Tracker Reconstruction
Overview
- The current tracking (TkrRecon) is based upon a Kalman Filter for performing both tracking finding
and fitting. However, it is believed that the current code has some problems in implementation,
ranging from how the filter and smoother are implemented to the basic strategy of finding gammas.
- There is general agreement that a new strategy should be adopted which would separate the tasks
of track finding, track fitting and vertexing into separate modules. Further, these modules should
have abstract interfaces so that each of the individual pieces are interchangeable, allowing, for
example, to switch between different pattern recognition or fitting algorithms as desired.
- Pattern recognition would be tasked with identifying possible individual tracks within the detector.

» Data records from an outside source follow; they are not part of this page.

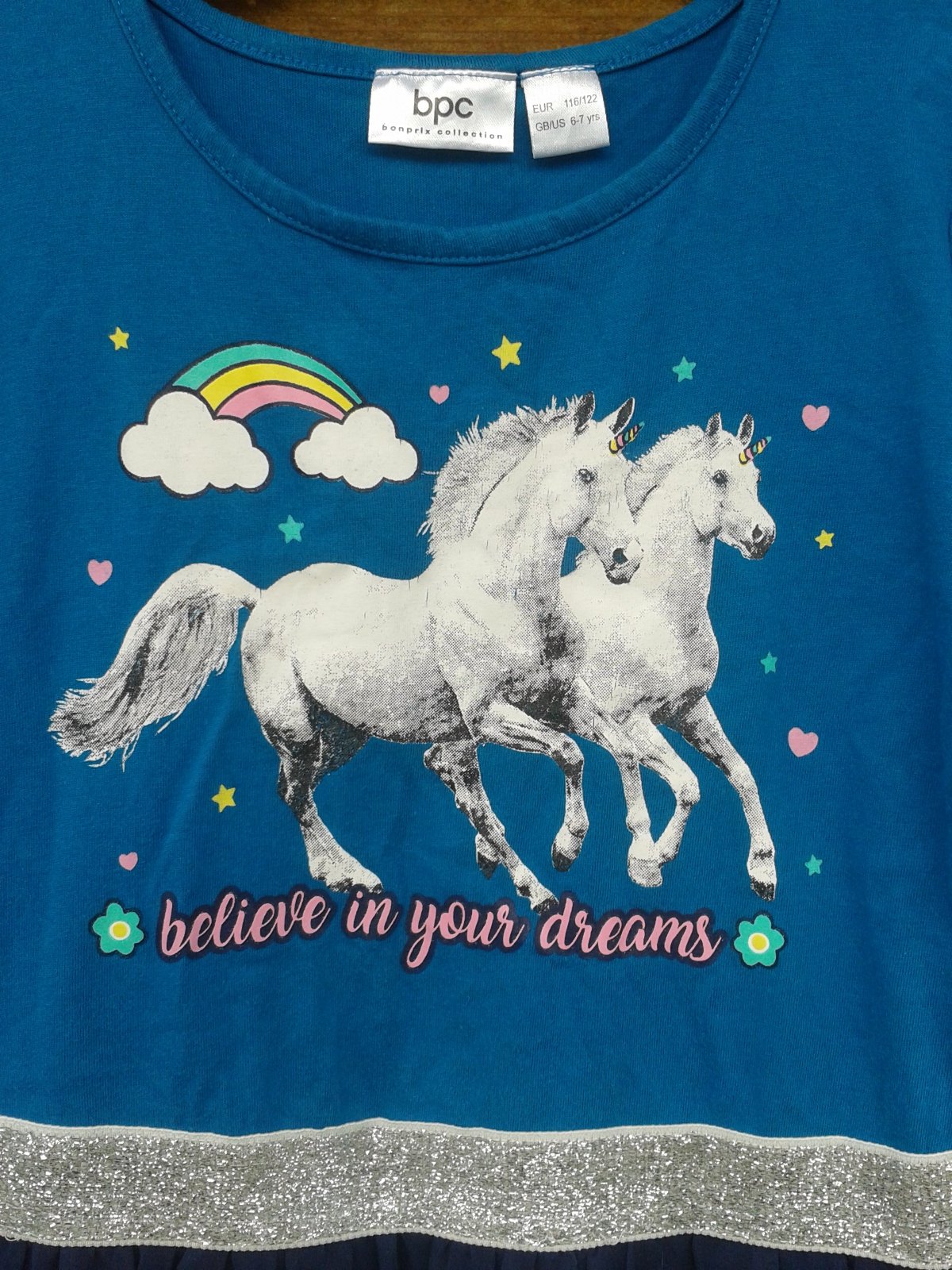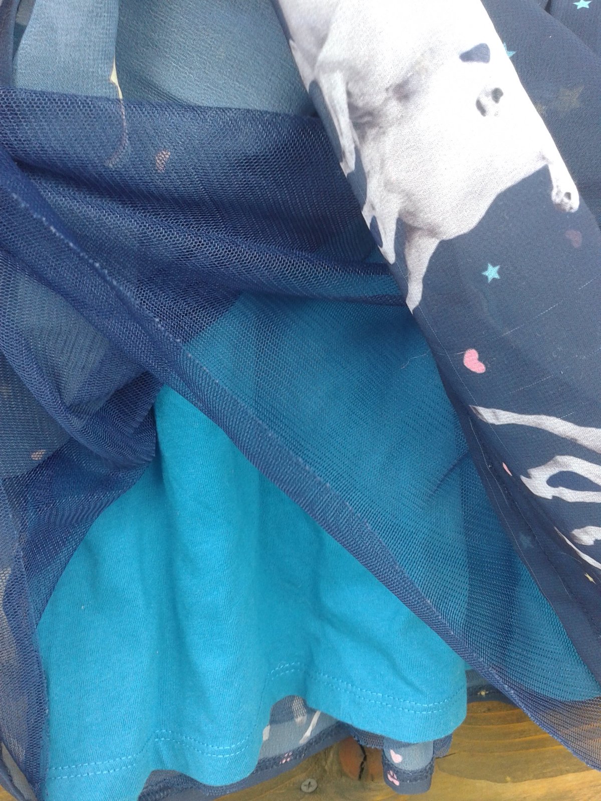Šaty zn.Bonprix, veľ.116/122..materiál bavlna, super stav až na minimálne zatrhnutú nitku na vrchnej vrstve sukne, nafotený detail-reálne nevidieť moc..zohľadnené v cene
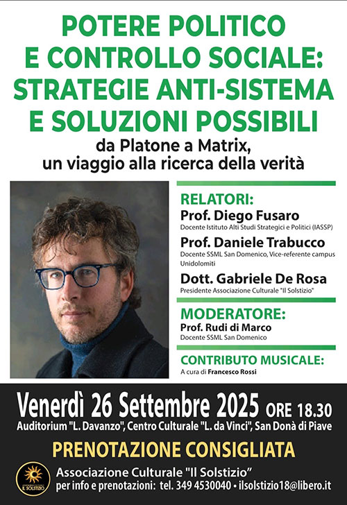 Un viaggio che unisce filosofia e attualità, da Platone a Matrix, per riflettere sul rapporto tra potere politico e controllo sociale. È questo il tema dell’incontro che si terrà venerdì 26 settembre 2025 alle ore 18.30 presso l’Auditorium “L. Davanzo” del Centro Culturale “L. da Vinci” a San Donà di Piave.
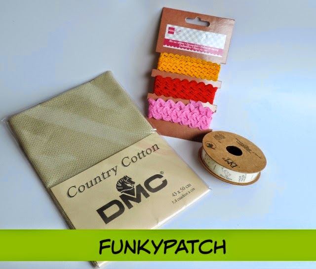 Estas otras cositas las he ido comprando poco a poco: una cinta de tela con dibujos, cintas de rick rack (picunela) en 3 colores y tres anchos, tela para punto de cruz de la marca DMC.
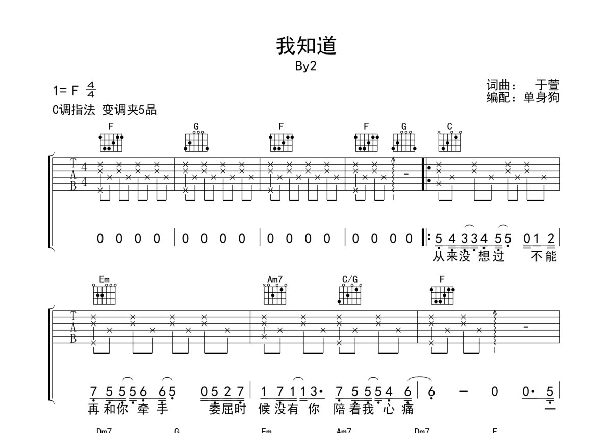 By2《我知道》吉他谱 - C调弹唱六线谱

As this is written there is some disagreement as to whether this means attempting to identify all hits
on possible candidates, or simply to identify candidate starting points and slopes. At least two
candidate methods are currently thought of, a "Link and Tree" method and another based on a
Hough Transform.
- For track fitting, the Kalman Filter is the desired fitting algorithm. However, the
implementation should take advantage of a separate track extrapolation algorithm to perform the transport of the
error matrix from the current fit point to the next measured hit point. It is intended that this track
extrapolation algorithm will be a GLAST utility suitable for transporting tracks and their error
matrices throughout the detector.
- The final step would be to form candidate vertices from the resulting found tracks. This algorithm
needs to be thought out in more detail in order to understand how to deal with conversions where
the pair do not split for a layer (or two), where only one track is found, etc. NOTE: A strategy is
that "reconstruction" means only finding and fitting tracks, vertexing would fall into the realm of
"analysis."
- Random note... We should assume that the above can/will proceed with some basic calorimetery
which will provide a rough energy and cluster centroid position. However, the pattern recognition
will be tasked to find track candidates without this information and assume it will only be available
at the track fit stage.